---------- Data extract

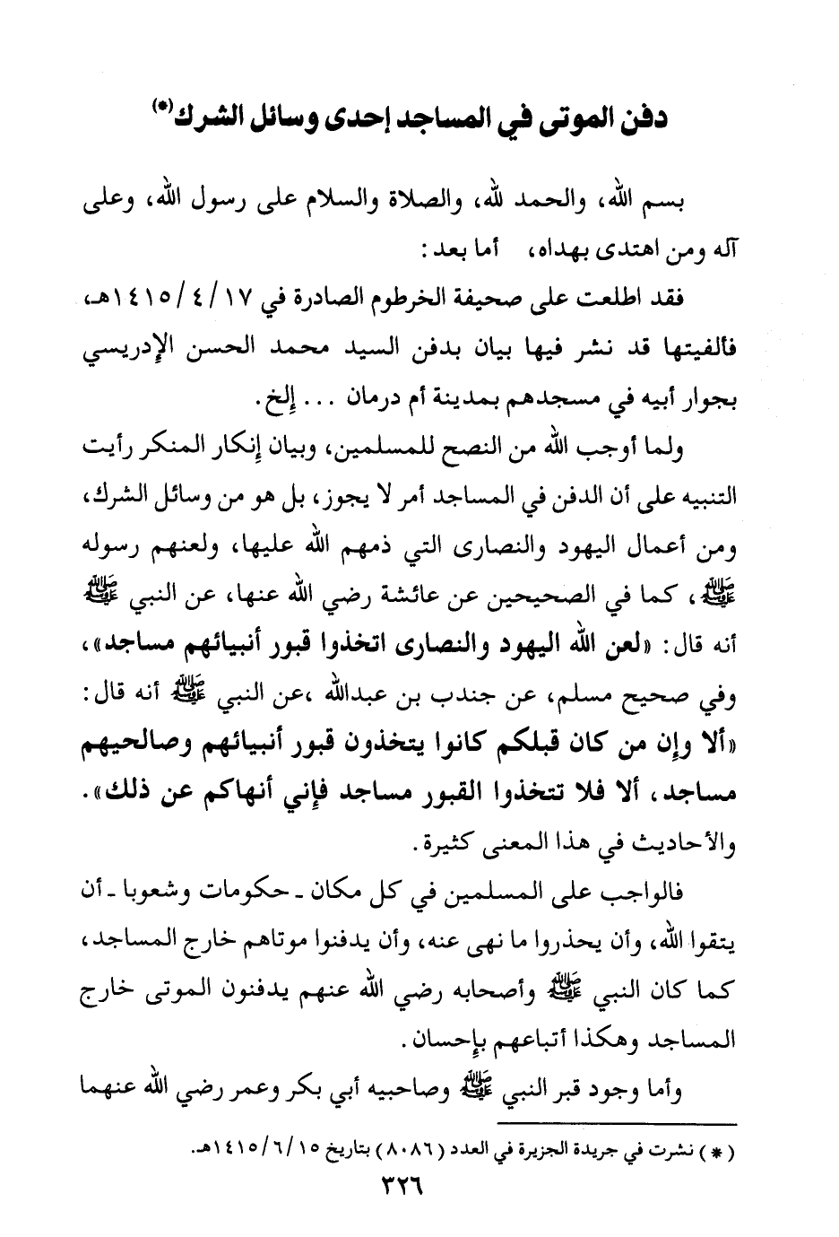 ولما أوجب الله من النصح للمسلمين، وبيان إنكار المنكر رأيت التنبيه على أن الدفن في المساجد أمر لا يجوز، بل هو من وسائل الشرك، ومن أعمال اليهود والنصارى التي ذمهم الله عليها، ولعنهم رسوله صلى الله عليه وسلم، كما في الصحيحين عن عائشة رضي الله عنها، عن النبي صلى الله عليه وسلم أنه قال: «لعن الله اليهود والنصارى اتخذوا قبور أنبيائهم مساجد (¬2) » ، وفي صحيح مسلم، عن جندب بن عبد الله، عن النبي صلى الله عليه وسلم، أنه قال: «ألا وإن من كان قبلكم كانوا يتخذون قبور أنبيائهم وصالحيهم مساجد، ألا فلا تتخذوا القبور مساجد؛ فإني أنهاكم عن ذلك (¬3) » . والأحاديث في هذا المعنى كثيرة.
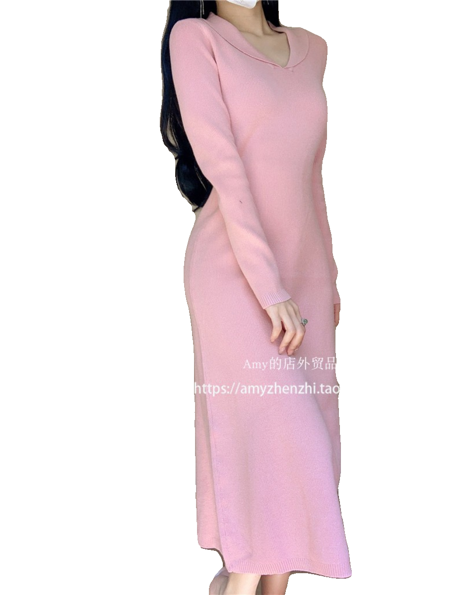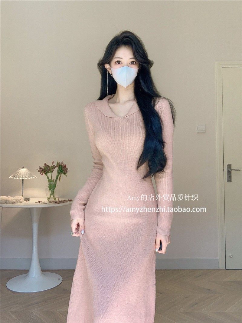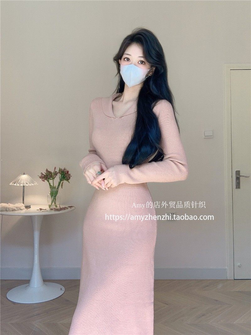 显瘦针织长裙子 连衣裙修身 Suny雅乔 秋冬粉色少女感烫钻露肩长袖
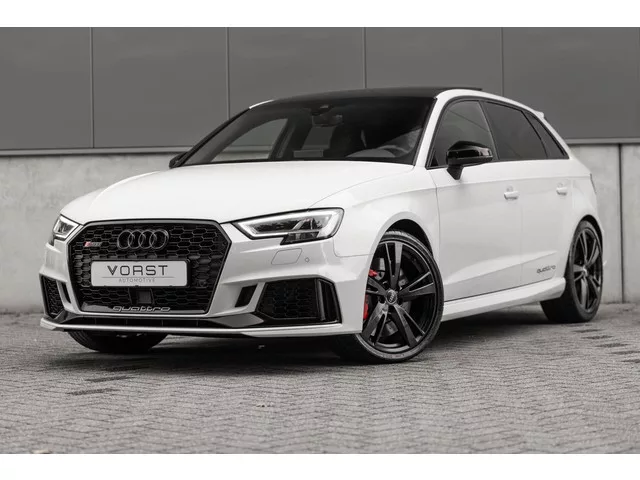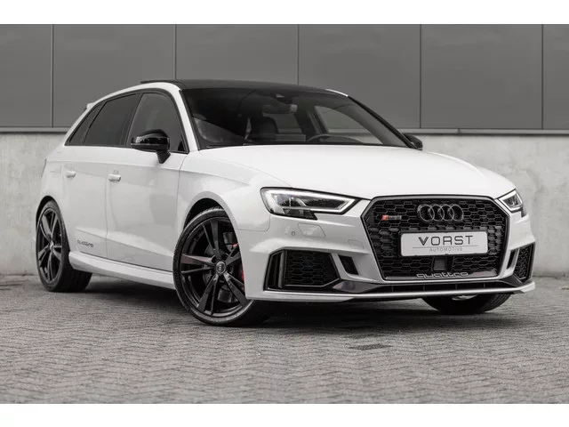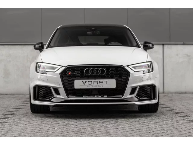 Audi RS3 2.5 TFSI quattro B&O Keyless Pano Schaalstoel ACC. Kenteken: N-107-ZG; Merk: Audi; Model: RS3; APK tot: 31-01-2027; Tellerstand: 146386 KM; Carrosserievorm: Hatchback; Aantal deuren: 5; Brandstofsoort: Benzine; Bouwjaar: 2018; Transmissie: Automaat; Kleur: wit; Motorinhoud: 2480 cc; Aantal cilinders: 5; Motorcode: DAZ; Vermogen: 294 kW / 400pk; Ledig gewicht: 1485 kg; Aantal zitplaatsen: 5; Verbruik: 8.4 l/100 km; BTW/Marge: Marge, de BTW is niet aftrekbaar; Lengte: 434 cm; Breedte: 180 cm; Motorrijtuigenbelasting: € 241 - 264 per kwartaal; Emissieklasse: Euro 6. Pakket: Assistance pakket. Dodehoek detectie; Rijstrooksensor met correctie. Pakket: Comfort pakket. Binnenspiegel automatisch dimmend; Buitenspiegel(s) automatisch dimmend; Buitenspiegels elektrisch inklapbaar; Lendesteun(en) verstelbaar; Voorstoelen verwarmd. Pakket: Assistentie Pakket. Cruise control adaptief met Stop&Go; File assistent; Grootlichtassistent; Parkeersensor voor en achter; Rijstrooksensor met...

--------------------

Problem details ::
The answer must consist solely of the lines from the first line of the data through the line containing "显瘦针织长裙子 连衣裙修身 Suny雅乔 秋冬粉色少女感烫钻露肩长袖", inclusive, reproduced exactly and without pictures.

Output for this task ::
 ولما أوجب الله من النصح للمسلمين، وبيان إنكار المنكر رأيت التنبيه على أن الدفن في المساجد أمر لا يجوز، بل هو من وسائل الشرك، ومن أعمال اليهود والنصارى التي ذمهم الله عليها، ولعنهم رسوله صلى الله عليه وسلم، كما في الصحيحين عن عائشة رضي الله عنها، عن النبي صلى الله عليه وسلم أنه قال: «لعن الله اليهود والنصارى اتخذوا قبور أنبيائهم مساجد (¬2) » ، وفي صحيح مسلم، عن جندب بن عبد الله، عن النبي صلى الله عليه وسلم، أنه قال: «ألا وإن من كان قبلكم كانوا يتخذون قبور أنبيائهم وصالحيهم مساجد، ألا فلا تتخذوا القبور مساجد؛ فإني أنهاكم عن ذلك (¬3) » . والأحاديث في هذا المعنى كثيرة.
 显瘦针织长裙子 连衣裙修身 Suny雅乔 秋冬粉色少女感烫钻露肩长袖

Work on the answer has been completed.